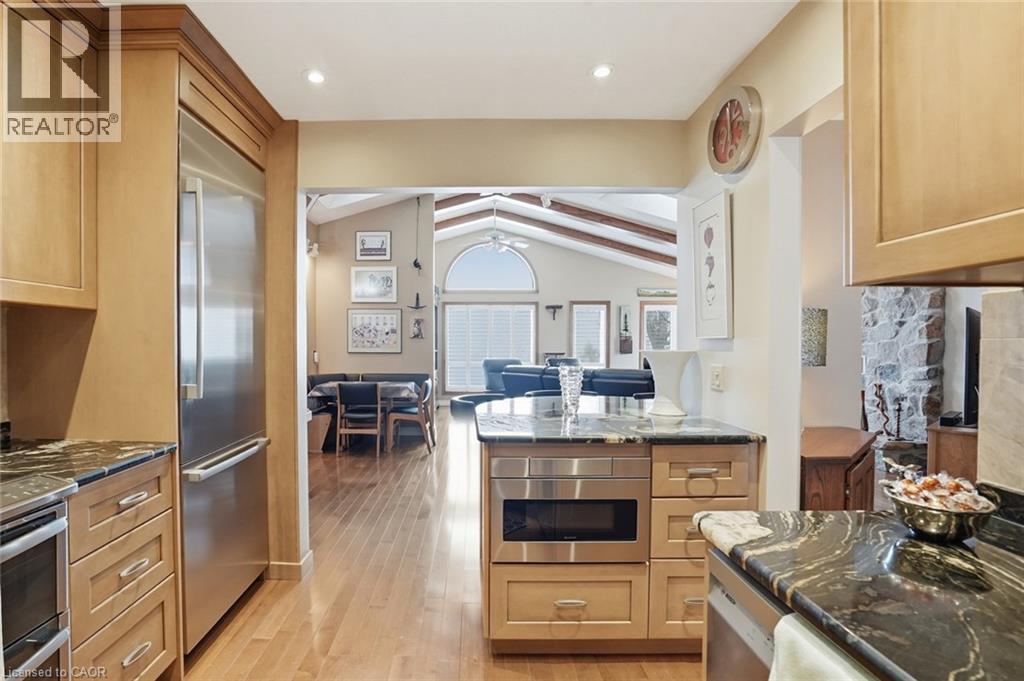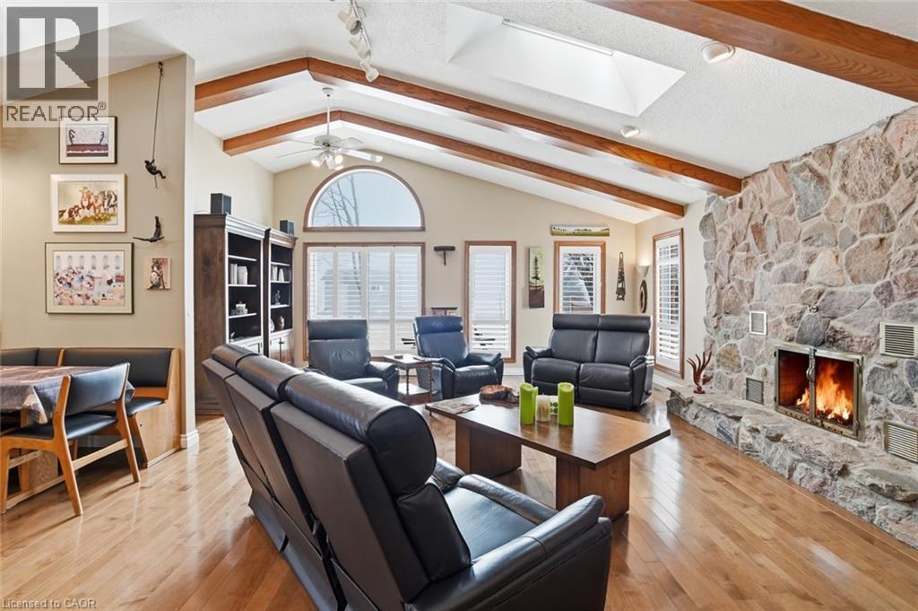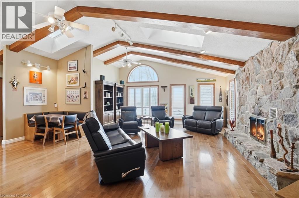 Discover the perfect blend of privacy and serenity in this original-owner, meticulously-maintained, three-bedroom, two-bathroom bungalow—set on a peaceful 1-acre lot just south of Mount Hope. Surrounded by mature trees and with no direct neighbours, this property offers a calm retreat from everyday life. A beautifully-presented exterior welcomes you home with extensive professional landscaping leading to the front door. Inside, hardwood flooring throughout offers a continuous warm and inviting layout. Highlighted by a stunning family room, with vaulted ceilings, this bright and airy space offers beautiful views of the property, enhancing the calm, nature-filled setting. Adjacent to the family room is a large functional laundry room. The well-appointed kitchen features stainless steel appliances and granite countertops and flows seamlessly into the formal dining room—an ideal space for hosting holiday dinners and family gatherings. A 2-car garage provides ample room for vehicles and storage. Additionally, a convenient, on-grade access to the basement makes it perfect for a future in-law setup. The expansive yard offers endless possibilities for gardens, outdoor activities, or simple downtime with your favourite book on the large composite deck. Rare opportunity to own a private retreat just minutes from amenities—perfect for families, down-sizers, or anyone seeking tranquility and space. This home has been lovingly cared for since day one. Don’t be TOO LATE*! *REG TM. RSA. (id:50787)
• • • • •
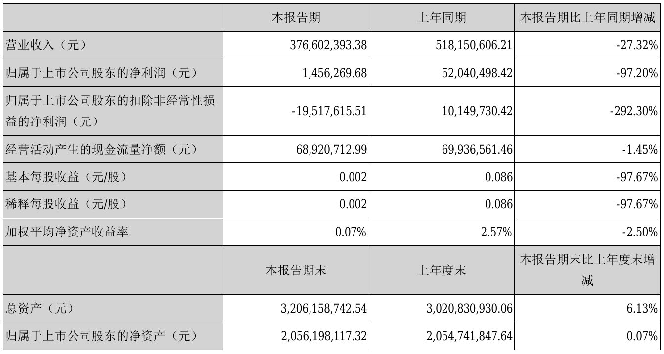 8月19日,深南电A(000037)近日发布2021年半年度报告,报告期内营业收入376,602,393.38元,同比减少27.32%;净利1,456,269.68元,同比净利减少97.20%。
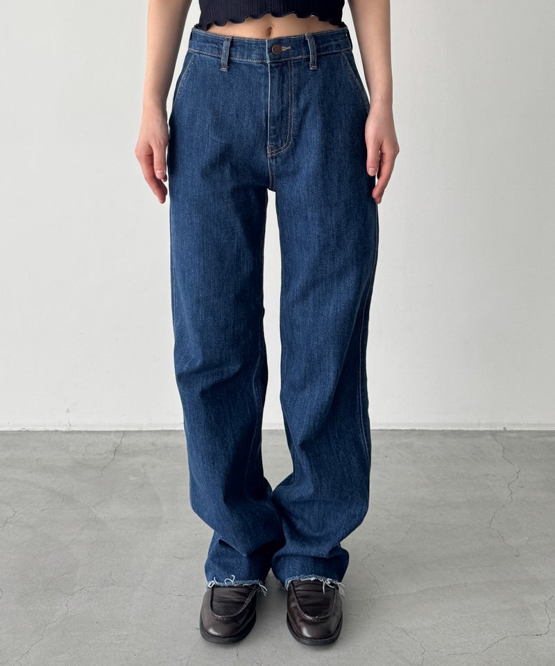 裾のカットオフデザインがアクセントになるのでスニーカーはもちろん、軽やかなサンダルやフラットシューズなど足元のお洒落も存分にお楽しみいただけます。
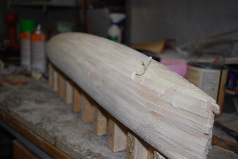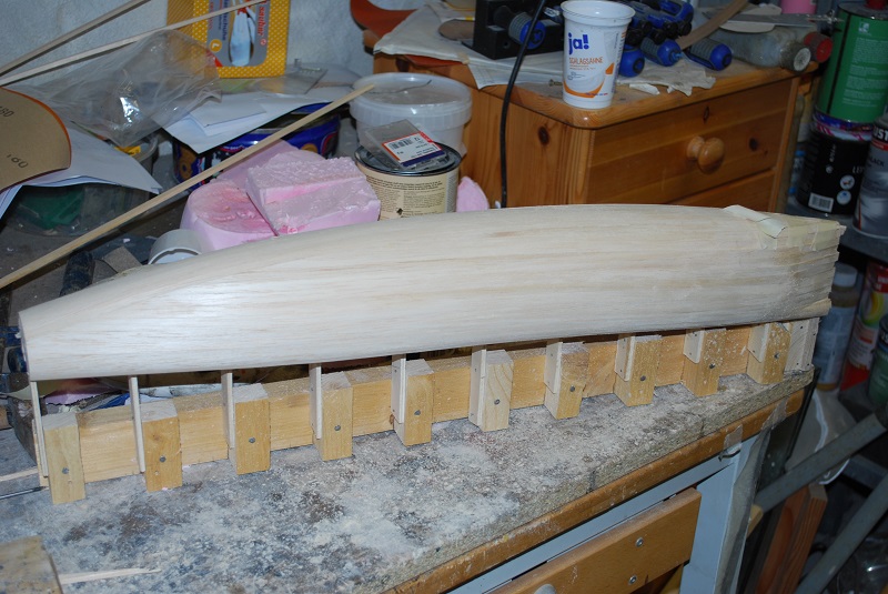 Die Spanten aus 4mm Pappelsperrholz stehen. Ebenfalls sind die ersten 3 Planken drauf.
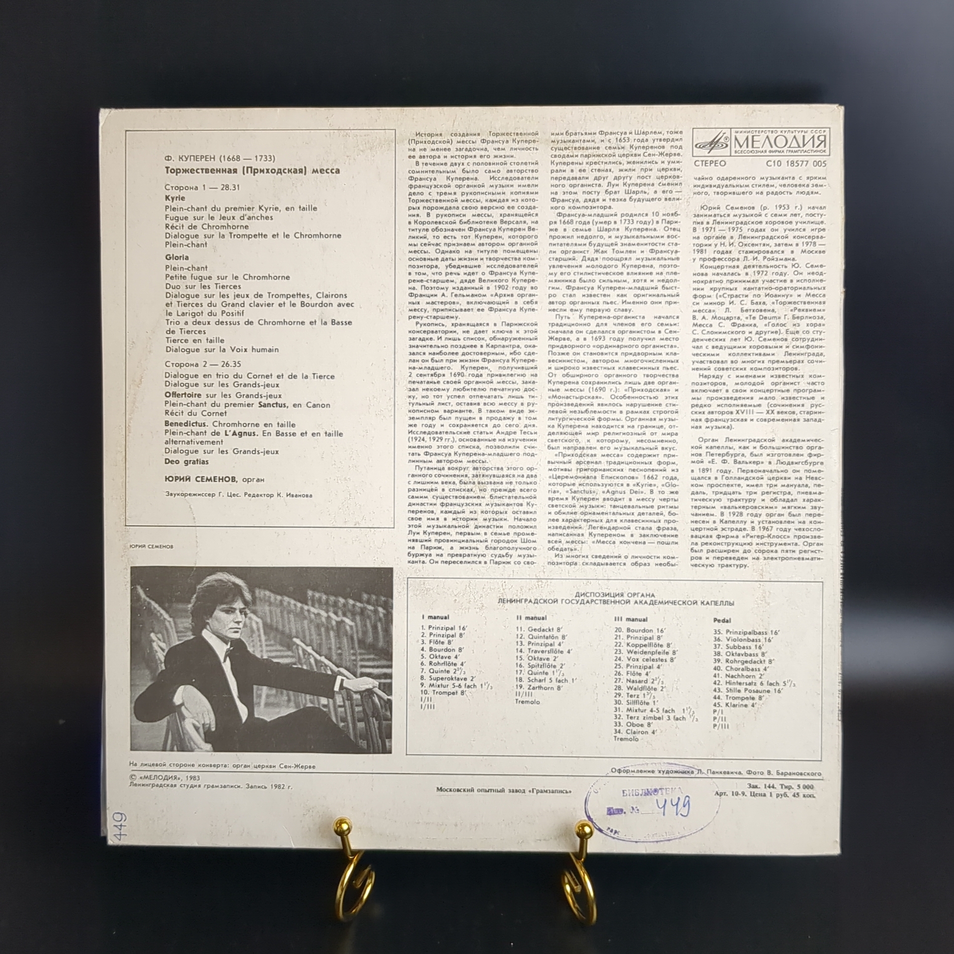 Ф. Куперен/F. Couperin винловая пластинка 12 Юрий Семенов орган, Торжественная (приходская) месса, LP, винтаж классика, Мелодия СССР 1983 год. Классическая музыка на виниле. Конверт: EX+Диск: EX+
• • • • •
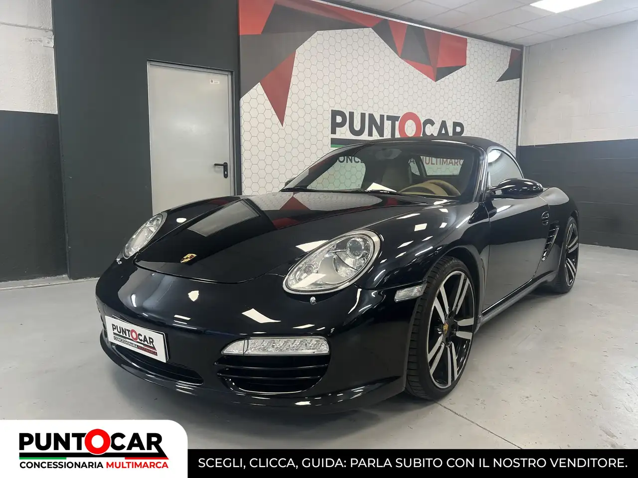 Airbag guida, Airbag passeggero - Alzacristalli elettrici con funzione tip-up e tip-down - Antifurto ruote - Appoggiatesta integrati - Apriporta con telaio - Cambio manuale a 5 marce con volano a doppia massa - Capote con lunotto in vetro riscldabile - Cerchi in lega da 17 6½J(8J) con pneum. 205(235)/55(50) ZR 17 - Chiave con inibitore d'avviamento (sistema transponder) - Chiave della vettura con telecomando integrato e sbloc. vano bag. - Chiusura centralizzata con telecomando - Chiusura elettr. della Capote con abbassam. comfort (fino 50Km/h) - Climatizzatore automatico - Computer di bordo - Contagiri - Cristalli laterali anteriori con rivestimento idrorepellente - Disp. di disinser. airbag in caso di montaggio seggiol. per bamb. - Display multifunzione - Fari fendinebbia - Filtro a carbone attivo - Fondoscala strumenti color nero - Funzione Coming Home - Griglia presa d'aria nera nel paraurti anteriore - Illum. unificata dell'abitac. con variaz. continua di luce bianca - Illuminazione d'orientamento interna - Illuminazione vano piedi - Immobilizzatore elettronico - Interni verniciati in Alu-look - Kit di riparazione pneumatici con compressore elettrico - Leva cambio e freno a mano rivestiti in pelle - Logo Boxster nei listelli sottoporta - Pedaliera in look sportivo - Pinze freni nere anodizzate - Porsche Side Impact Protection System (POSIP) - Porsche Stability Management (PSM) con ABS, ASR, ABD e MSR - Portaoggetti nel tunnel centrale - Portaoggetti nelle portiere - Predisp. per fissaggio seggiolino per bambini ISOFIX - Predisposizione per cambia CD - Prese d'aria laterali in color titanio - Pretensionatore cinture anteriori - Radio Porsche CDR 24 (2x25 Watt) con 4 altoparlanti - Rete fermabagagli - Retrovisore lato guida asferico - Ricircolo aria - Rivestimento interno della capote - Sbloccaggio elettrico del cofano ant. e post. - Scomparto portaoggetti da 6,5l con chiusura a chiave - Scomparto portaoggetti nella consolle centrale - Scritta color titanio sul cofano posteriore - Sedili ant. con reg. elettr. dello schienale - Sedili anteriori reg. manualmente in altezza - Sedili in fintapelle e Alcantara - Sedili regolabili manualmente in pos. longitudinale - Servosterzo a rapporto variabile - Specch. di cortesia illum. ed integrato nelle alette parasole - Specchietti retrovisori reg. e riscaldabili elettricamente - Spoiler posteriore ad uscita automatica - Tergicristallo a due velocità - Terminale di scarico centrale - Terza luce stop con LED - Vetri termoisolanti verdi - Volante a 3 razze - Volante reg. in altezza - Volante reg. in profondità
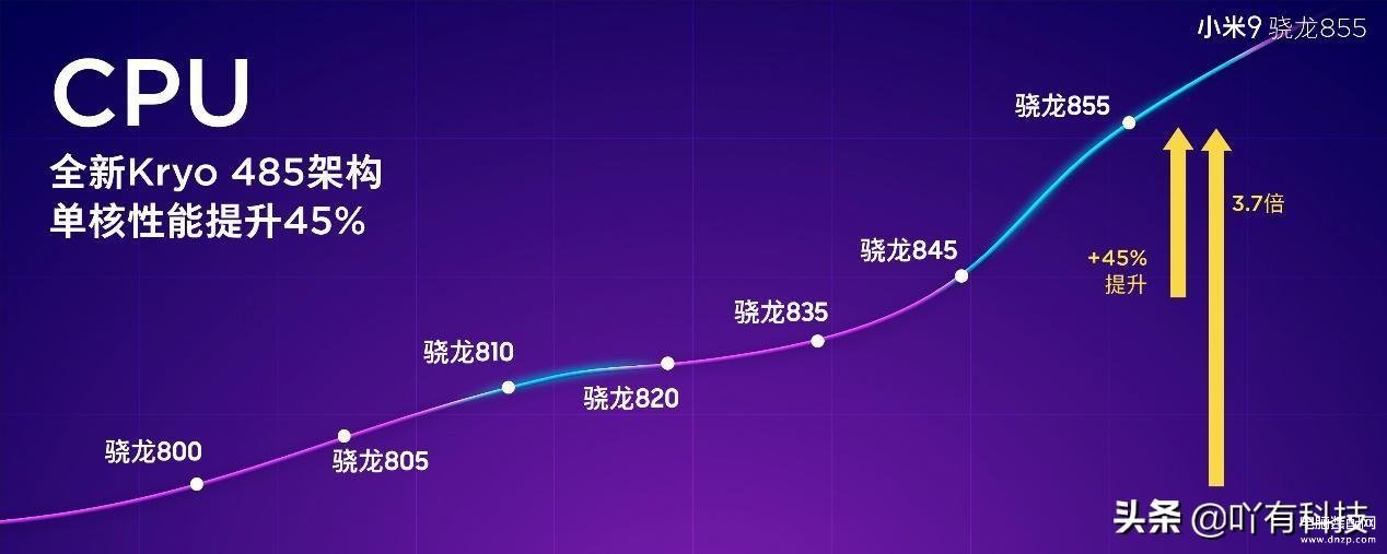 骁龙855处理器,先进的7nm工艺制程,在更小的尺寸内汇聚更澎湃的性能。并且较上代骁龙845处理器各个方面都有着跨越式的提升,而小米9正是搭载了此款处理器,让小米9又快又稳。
• • • • •
### TASK:
Treat the line with "Die Spanten aus" as the start and the line with "Ф. Куперен/F. Couperin" as the end, and return exactly that span of the data above, both ends included, without pictures.

### RESPONSE BOX:
 Die Spanten aus 4mm Pappelsperrholz stehen. Ebenfalls sind die ersten 3 Planken drauf.
 Ф. Куперен/F. Couperin винловая пластинка 12 Юрий Семенов орган, Торжественная (приходская) месса, LP, винтаж классика, Мелодия СССР 1983 год. Классическая музыка на виниле. Конверт: EX+Диск: EX+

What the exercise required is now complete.